**WHAT YOU ARE ASKED TO DO**
With every picture left out, restate the listing below exactly as written.

**SUPPLIED INFORMATION**
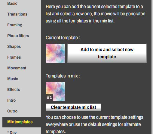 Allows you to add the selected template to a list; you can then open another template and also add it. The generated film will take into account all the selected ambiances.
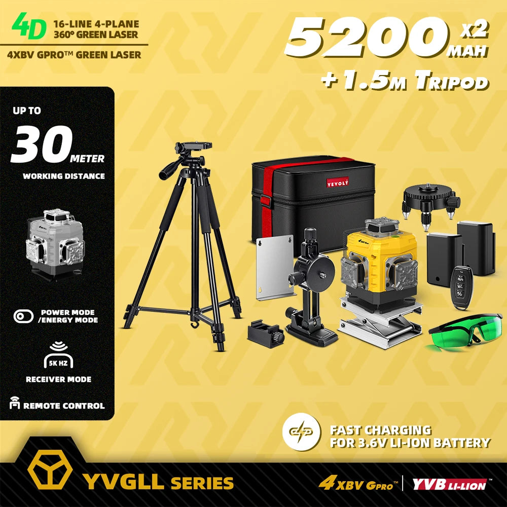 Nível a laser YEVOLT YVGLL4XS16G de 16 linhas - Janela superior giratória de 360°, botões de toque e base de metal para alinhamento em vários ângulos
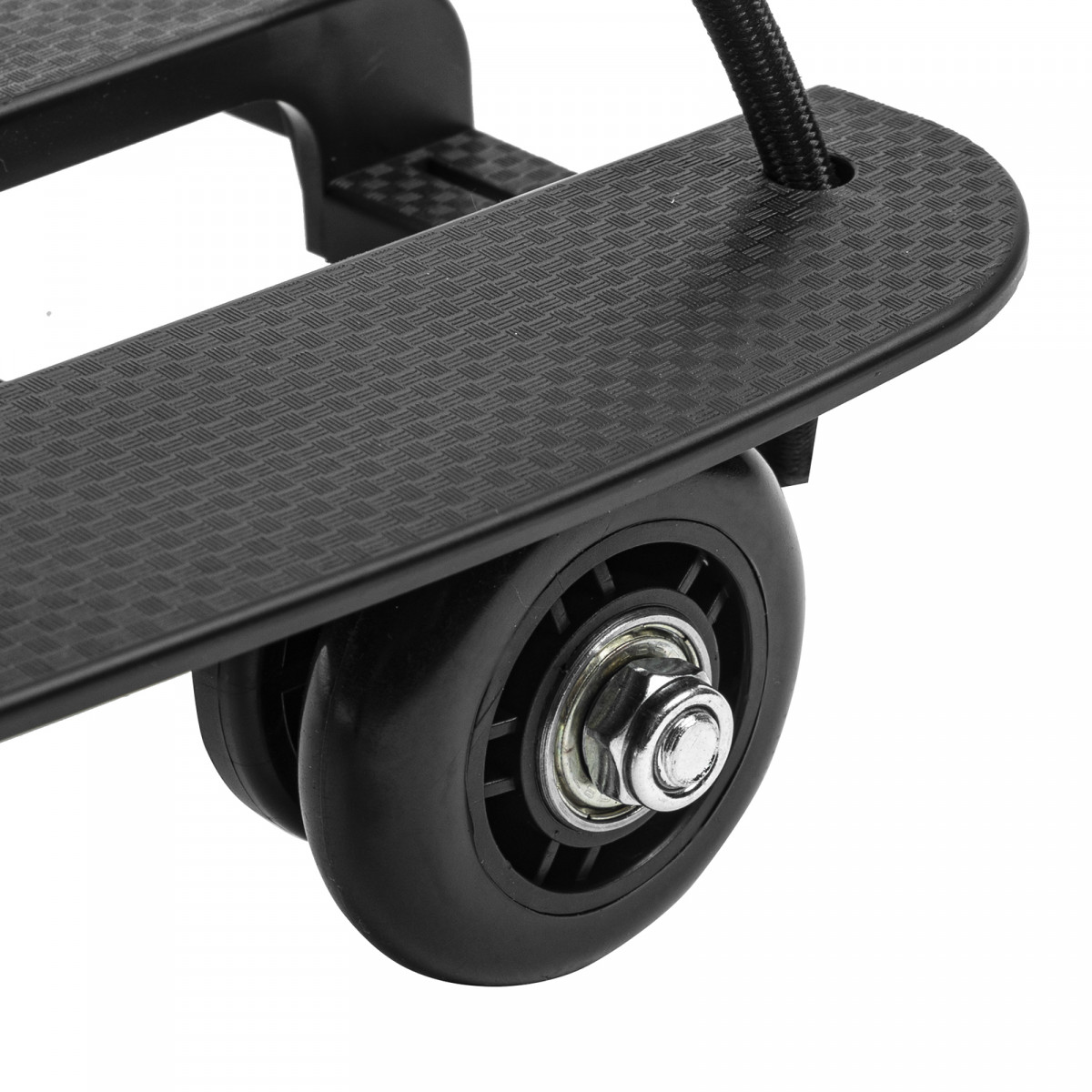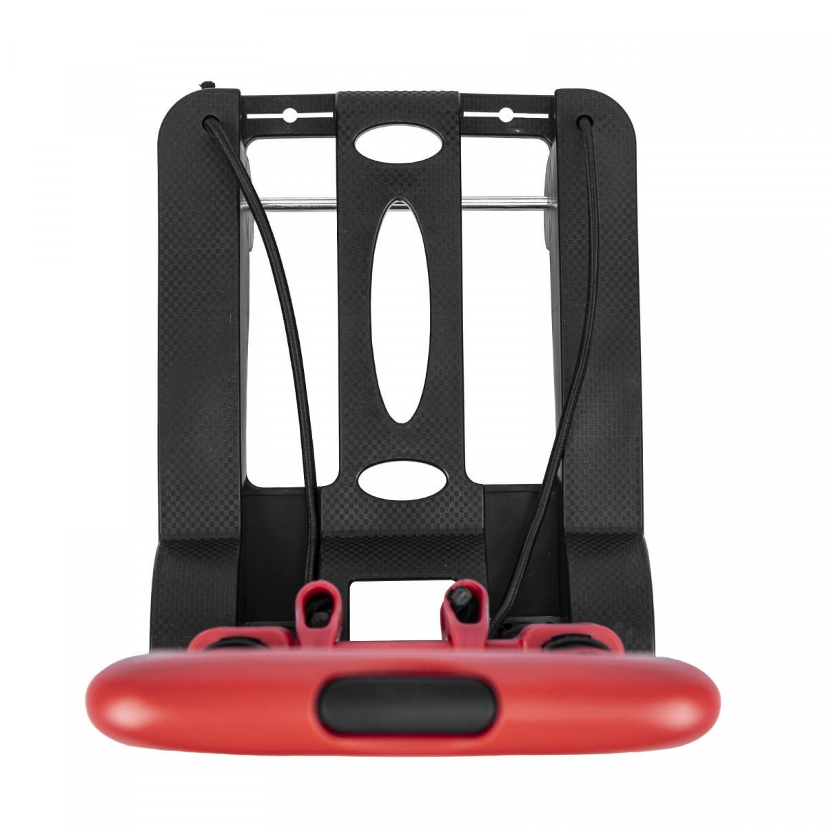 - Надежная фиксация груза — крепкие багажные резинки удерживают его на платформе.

**EXERCISE ANSWER**
 Allows you to add the selected template to a list; you can then open another template and also add it. The generated film will take into account all the selected ambiances.
 Nível a laser YEVOLT YVGLL4XS16G de 16 linhas - Janela superior giratória de 360°, botões de toque e base de metal para alinhamento em vários ângulos
 - Надежная фиксация груза — крепкие багажные резинки удерживают его на платформе.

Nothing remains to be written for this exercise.